--- RECORDS ---
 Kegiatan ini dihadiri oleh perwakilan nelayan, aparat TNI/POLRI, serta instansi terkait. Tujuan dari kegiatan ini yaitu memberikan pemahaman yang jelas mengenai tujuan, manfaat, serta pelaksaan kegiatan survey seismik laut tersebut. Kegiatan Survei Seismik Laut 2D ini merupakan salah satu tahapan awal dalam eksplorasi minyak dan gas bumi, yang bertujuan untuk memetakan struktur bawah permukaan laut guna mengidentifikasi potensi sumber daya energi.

* * *

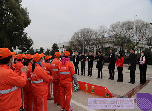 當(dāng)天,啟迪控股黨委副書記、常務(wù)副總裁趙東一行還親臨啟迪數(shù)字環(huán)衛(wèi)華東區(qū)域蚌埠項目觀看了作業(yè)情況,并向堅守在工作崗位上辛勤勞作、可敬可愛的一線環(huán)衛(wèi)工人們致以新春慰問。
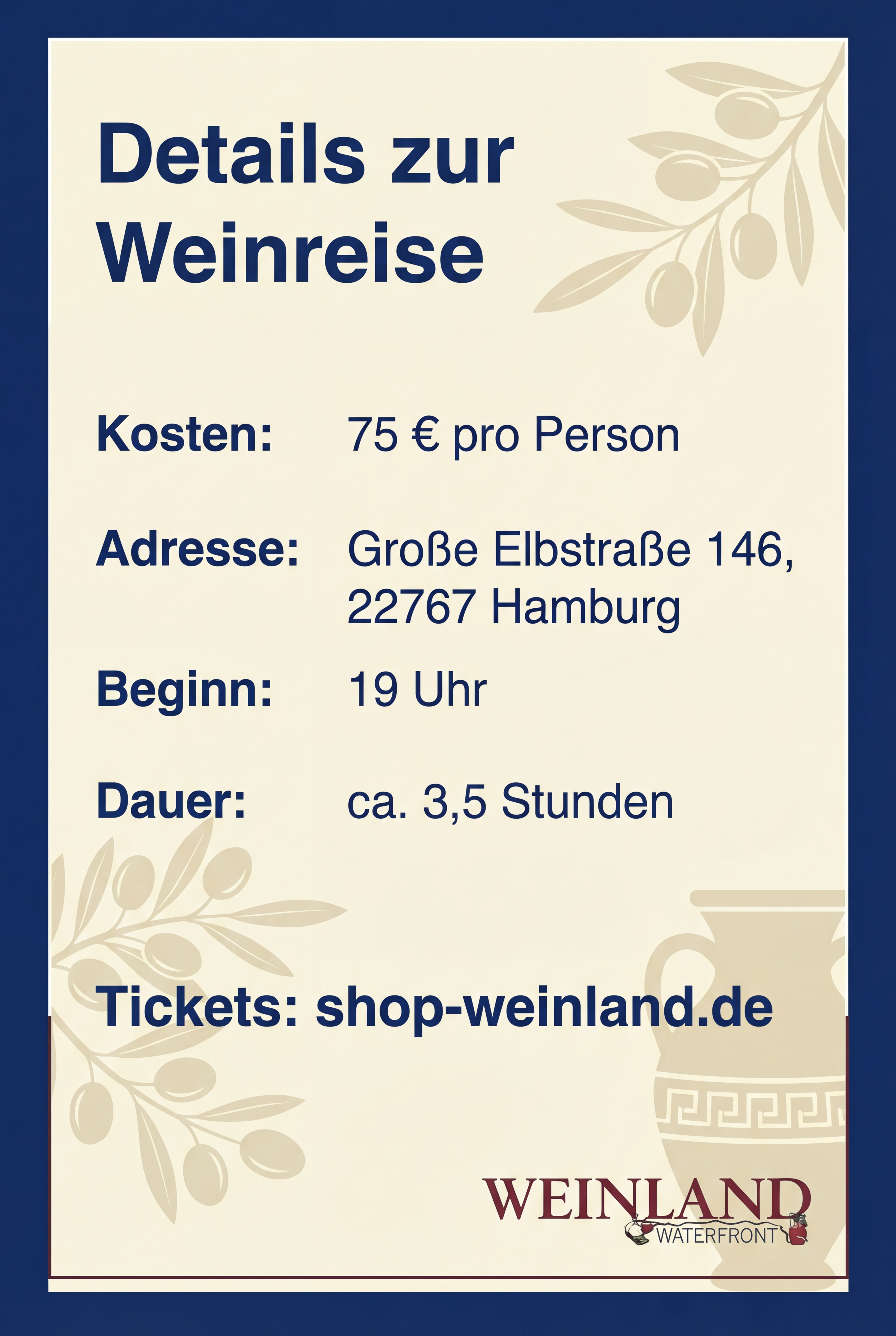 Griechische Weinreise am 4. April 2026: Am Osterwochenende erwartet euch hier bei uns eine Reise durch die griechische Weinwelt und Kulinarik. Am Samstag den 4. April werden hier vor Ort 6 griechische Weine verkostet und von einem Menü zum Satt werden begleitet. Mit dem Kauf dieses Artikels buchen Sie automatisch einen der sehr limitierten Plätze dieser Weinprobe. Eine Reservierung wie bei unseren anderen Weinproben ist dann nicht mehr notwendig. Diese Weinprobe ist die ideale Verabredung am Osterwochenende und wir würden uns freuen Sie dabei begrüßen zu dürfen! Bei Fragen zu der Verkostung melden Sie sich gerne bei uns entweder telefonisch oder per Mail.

--- WORK TO BE COMPLETED ---
Nothing but the lines from the one with "當(dāng)天,啟迪控股黨" to the one with "Griechische Weinreise am" above, both included, should be transcribed, exactly and without pictures.

--- FINAL ANSWER ---
 當(dāng)天,啟迪控股黨委副書記、常務(wù)副總裁趙東一行還親臨啟迪數(shù)字環(huán)衛(wèi)華東區(qū)域蚌埠項目觀看了作業(yè)情況,并向堅守在工作崗位上辛勤勞作、可敬可愛的一線環(huán)衛(wèi)工人們致以新春慰問。
 Griechische Weinreise am 4. April 2026: Am Osterwochenende erwartet euch hier bei uns eine Reise durch die griechische Weinwelt und Kulinarik. Am Samstag den 4. April werden hier vor Ort 6 griechische Weine verkostet und von einem Menü zum Satt werden begleitet. Mit dem Kauf dieses Artikels buchen Sie automatisch einen der sehr limitierten Plätze dieser Weinprobe. Eine Reservierung wie bei unseren anderen Weinproben ist dann nicht mehr notwendig. Diese Weinprobe ist die ideale Verabredung am Osterwochenende und wir würden uns freuen Sie dabei begrüßen zu dürfen! Bei Fragen zu der Verkostung melden Sie sich gerne bei uns entweder telefonisch oder per Mail.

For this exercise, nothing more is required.